WORK INSTRUCTIONS: All entries should be printed precisely as written.

PROVIDED RECORDS:
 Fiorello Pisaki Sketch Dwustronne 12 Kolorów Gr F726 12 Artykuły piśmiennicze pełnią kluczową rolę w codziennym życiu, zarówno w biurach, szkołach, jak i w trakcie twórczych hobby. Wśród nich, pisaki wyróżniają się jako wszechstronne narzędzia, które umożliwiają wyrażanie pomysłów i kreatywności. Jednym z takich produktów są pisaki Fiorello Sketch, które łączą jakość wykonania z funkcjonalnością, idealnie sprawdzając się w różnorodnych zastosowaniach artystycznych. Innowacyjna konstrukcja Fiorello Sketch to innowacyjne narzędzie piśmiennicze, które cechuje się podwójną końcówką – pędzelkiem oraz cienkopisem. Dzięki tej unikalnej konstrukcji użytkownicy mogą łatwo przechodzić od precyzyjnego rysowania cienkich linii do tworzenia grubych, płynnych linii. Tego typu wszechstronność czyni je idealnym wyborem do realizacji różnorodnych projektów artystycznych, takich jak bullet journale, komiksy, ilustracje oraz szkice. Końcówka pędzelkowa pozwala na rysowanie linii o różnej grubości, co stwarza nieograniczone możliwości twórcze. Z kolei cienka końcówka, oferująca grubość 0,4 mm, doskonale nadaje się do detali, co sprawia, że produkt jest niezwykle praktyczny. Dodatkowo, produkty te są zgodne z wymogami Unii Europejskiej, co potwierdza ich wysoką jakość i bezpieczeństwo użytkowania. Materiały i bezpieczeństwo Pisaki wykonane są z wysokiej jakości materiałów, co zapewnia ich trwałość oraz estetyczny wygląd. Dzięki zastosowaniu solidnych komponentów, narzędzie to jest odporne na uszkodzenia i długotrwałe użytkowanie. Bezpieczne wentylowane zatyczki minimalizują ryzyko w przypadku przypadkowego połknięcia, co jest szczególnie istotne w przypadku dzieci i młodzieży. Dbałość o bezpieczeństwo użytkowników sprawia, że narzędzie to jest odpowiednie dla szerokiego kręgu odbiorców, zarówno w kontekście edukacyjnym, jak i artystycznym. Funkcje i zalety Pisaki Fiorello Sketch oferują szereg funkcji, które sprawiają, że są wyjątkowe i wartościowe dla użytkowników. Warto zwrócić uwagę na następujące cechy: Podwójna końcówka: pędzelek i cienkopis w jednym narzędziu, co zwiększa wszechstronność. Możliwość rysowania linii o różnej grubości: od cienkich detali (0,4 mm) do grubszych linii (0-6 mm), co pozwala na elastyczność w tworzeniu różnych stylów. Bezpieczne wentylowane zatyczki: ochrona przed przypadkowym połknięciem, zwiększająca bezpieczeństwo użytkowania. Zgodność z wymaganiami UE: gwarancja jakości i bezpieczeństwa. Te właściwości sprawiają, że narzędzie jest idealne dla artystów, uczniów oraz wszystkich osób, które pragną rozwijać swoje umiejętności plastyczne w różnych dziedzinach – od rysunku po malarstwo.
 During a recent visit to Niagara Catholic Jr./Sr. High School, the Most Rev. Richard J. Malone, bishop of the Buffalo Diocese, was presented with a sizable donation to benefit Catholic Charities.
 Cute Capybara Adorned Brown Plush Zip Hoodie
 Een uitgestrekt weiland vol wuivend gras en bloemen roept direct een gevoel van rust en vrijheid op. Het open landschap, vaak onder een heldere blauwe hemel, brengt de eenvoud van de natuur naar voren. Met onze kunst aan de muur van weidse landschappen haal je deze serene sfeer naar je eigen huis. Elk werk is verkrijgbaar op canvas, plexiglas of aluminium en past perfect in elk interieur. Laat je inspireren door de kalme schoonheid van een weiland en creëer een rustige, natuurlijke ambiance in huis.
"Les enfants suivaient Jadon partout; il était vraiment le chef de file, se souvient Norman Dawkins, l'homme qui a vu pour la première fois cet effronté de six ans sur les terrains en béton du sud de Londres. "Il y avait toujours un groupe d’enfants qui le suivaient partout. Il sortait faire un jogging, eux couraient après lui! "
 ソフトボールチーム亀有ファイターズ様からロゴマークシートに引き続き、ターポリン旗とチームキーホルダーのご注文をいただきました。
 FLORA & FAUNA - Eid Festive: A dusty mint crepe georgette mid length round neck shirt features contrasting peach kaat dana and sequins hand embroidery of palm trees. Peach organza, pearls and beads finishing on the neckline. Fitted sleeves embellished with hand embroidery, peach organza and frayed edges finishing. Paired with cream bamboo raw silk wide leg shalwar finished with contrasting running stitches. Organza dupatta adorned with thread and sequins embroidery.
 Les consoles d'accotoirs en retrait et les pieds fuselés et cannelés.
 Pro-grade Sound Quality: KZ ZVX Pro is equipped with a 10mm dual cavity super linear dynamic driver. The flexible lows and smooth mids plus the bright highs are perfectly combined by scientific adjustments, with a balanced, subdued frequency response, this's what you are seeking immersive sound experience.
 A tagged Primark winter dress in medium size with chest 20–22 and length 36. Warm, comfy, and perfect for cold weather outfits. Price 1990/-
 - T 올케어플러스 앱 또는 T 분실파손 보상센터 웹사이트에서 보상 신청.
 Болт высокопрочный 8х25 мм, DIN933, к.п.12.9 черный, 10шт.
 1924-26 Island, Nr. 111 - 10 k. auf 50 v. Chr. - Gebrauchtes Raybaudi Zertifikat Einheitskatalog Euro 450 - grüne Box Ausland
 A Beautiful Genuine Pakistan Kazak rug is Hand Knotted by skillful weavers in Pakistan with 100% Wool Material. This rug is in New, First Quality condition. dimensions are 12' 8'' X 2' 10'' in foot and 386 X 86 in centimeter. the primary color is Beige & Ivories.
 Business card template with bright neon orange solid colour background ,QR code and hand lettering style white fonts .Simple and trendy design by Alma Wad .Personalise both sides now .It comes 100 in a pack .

ANSWER SPACE:
 Fiorello Pisaki Sketch Dwustronne 12 Kolorów Gr F726 12 Artykuły piśmiennicze pełnią kluczową rolę w codziennym życiu, zarówno w biurach, szkołach, jak i w trakcie twórczych hobby. Wśród nich, pisaki wyróżniają się jako wszechstronne narzędzia, które umożliwiają wyrażanie pomysłów i kreatywności. Jednym z takich produktów są pisaki Fiorello Sketch, które łączą jakość wykonania z funkcjonalnością, idealnie sprawdzając się w różnorodnych zastosowaniach artystycznych. Innowacyjna konstrukcja Fiorello Sketch to innowacyjne narzędzie piśmiennicze, które cechuje się podwójną końcówką – pędzelkiem oraz cienkopisem. Dzięki tej unikalnej konstrukcji użytkownicy mogą łatwo przechodzić od precyzyjnego rysowania cienkich linii do tworzenia grubych, płynnych linii. Tego typu wszechstronność czyni je idealnym wyborem do realizacji różnorodnych projektów artystycznych, takich jak bullet journale, komiksy, ilustracje oraz szkice. Końcówka pędzelkowa pozwala na rysowanie linii o różnej grubości, co stwarza nieograniczone możliwości twórcze. Z kolei cienka końcówka, oferująca grubość 0,4 mm, doskonale nadaje się do detali, co sprawia, że produkt jest niezwykle praktyczny. Dodatkowo, produkty te są zgodne z wymogami Unii Europejskiej, co potwierdza ich wysoką jakość i bezpieczeństwo użytkowania. Materiały i bezpieczeństwo Pisaki wykonane są z wysokiej jakości materiałów, co zapewnia ich trwałość oraz estetyczny wygląd. Dzięki zastosowaniu solidnych komponentów, narzędzie to jest odporne na uszkodzenia i długotrwałe użytkowanie. Bezpieczne wentylowane zatyczki minimalizują ryzyko w przypadku przypadkowego połknięcia, co jest szczególnie istotne w przypadku dzieci i młodzieży. Dbałość o bezpieczeństwo użytkowników sprawia, że narzędzie to jest odpowiednie dla szerokiego kręgu odbiorców, zarówno w kontekście edukacyjnym, jak i artystycznym. Funkcje i zalety Pisaki Fiorello Sketch oferują szereg funkcji, które sprawiają, że są wyjątkowe i wartościowe dla użytkowników. Warto zwrócić uwagę na następujące cechy: Podwójna końcówka: pędzelek i cienkopis w jednym narzędziu, co zwiększa wszechstronność. Możliwość rysowania linii o różnej grubości: od cienkich detali (0,4 mm) do grubszych linii (0-6 mm), co pozwala na elastyczność w tworzeniu różnych stylów. Bezpieczne wentylowane zatyczki: ochrona przed przypadkowym połknięciem, zwiększająca bezpieczeństwo użytkowania. Zgodność z wymaganiami UE: gwarancja jakości i bezpieczeństwa. Te właściwości sprawiają, że narzędzie jest idealne dla artystów, uczniów oraz wszystkich osób, które pragną rozwijać swoje umiejętności plastyczne w różnych dziedzinach – od rysunku po malarstwo.
 During a recent visit to Niagara Catholic Jr./Sr. High School, the Most Rev. Richard J. Malone, bishop of the Buffalo Diocese, was presented with a sizable donation to benefit Catholic Charities.
 Cute Capybara Adorned Brown Plush Zip Hoodie
 Een uitgestrekt weiland vol wuivend gras en bloemen roept direct een gevoel van rust en vrijheid op. Het open landschap, vaak onder een heldere blauwe hemel, brengt de eenvoud van de natuur naar voren. Met onze kunst aan de muur van weidse landschappen haal je deze serene sfeer naar je eigen huis. Elk werk is verkrijgbaar op canvas, plexiglas of aluminium en past perfect in elk interieur. Laat je inspireren door de kalme schoonheid van een weiland en creëer een rustige, natuurlijke ambiance in huis.
"Les enfants suivaient Jadon partout; il était vraiment le chef de file, se souvient Norman Dawkins, l'homme qui a vu pour la première fois cet effronté de six ans sur les terrains en béton du sud de Londres. "Il y avait toujours un groupe d’enfants qui le suivaient partout. Il sortait faire un jogging, eux couraient après lui! "
 ソフトボールチーム亀有ファイターズ様からロゴマークシートに引き続き、ターポリン旗とチームキーホルダーのご注文をいただきました。
 FLORA & FAUNA - Eid Festive: A dusty mint crepe georgette mid length round neck shirt features contrasting peach kaat dana and sequins hand embroidery of palm trees. Peach organza, pearls and beads finishing on the neckline. Fitted sleeves embellished with hand embroidery, peach organza and frayed edges finishing. Paired with cream bamboo raw silk wide leg shalwar finished with contrasting running stitches. Organza dupatta adorned with thread and sequins embroidery.
 Les consoles d'accotoirs en retrait et les pieds fuselés et cannelés.
 Pro-grade Sound Quality: KZ ZVX Pro is equipped with a 10mm dual cavity super linear dynamic driver. The flexible lows and smooth mids plus the bright highs are perfectly combined by scientific adjustments, with a balanced, subdued frequency response, this's what you are seeking immersive sound experience.
 A tagged Primark winter dress in medium size with chest 20–22 and length 36. Warm, comfy, and perfect for cold weather outfits. Price 1990/-
 - T 올케어플러스 앱 또는 T 분실파손 보상센터 웹사이트에서 보상 신청.
 Болт высокопрочный 8х25 мм, DIN933, к.п.12.9 черный, 10шт.
 1924-26 Island, Nr. 111 - 10 k. auf 50 v. Chr. - Gebrauchtes Raybaudi Zertifikat Einheitskatalog Euro 450 - grüne Box Ausland
 A Beautiful Genuine Pakistan Kazak rug is Hand Knotted by skillful weavers in Pakistan with 100% Wool Material. This rug is in New, First Quality condition. dimensions are 12' 8'' X 2' 10'' in foot and 386 X 86 in centimeter. the primary color is Beige & Ivories.
 Business card template with bright neon orange solid colour background ,QR code and hand lettering style white fonts .Simple and trendy design by Alma Wad .Personalise both sides now .It comes 100 in a pack .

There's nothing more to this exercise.